Grant, a member of the Distressed Debt Investors Club, pens a piece on the advanced distressed debt concept of pre-petition debt reinstatement. Enjoy!
Some companies currently experiencing financial distress raised large amounts of debt capital on significantly easier terms during the last decade’s “credit bubble” than they could obtain today.
Consequently, debtors currently contemplating or undergoing restructurings sometimes seek to keep existing pieces of debt in place rather than (a) replacing that debt with a new, more expensive facility with potentially tighter covenants or (b) giving concessions to existing creditors who now hold a below-market instrument. “Reinstatement”, or keeping pre-petition financing in place, is contemplated under the Title 11 of the US Code (the “BRC”).
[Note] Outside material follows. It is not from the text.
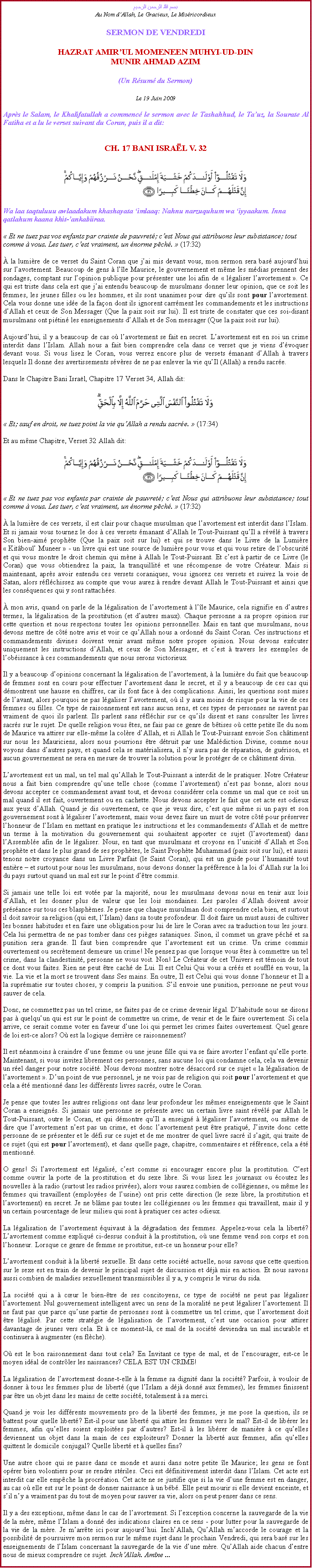 À la lumière de ce verset du Saint Coran que j’ai mis devant vous, mon sermon sera basé aujourd’hui sur l’avortement. Beaucoup de gens à l’île Maurice, le gouvernement et même les médias prennent des sondages, comptant sur l’opinion publique pour présenter une loi afin de « légaliser l’avortement ». Ce qui est triste dans cela est que j’ai entendu beaucoup de musulmans donner leur opinion, que ce soit les femmes, les jeunes filles ou les hommes, et ils sont unanimes pour dire qu’ils sont pour l’avortement. Cela vous donne une idée de la façon dont ils ignorent carrément les commandements et les instructions d’Allah et ceux de Son Messager (Que la paix soit sur lui). Il est triste de constater que ces soi-disant musulmans ont piétiné les enseignements d’Allah et de Son messager (Que la paix soit sur lui).

Per BRC §1124, for debt to be reinstated it must be unimpaired, meaning the debtor must cure its defaults (with the exception of certain technical defaults such as “ipso facto” clauses declaring the debtor’s bankruptcy to be a default in se) and restore the creditor’s legal, equitable and contractual rights prior to default.
In situations where junior creditors and/or equity holders attempt to impose reinstatement on a senior class, some professionals use the descriptive term “cram up” to distinguish this procedure from the process under which a class is forced to accept a plan in a “cram down” under BRC §1129(b)(2).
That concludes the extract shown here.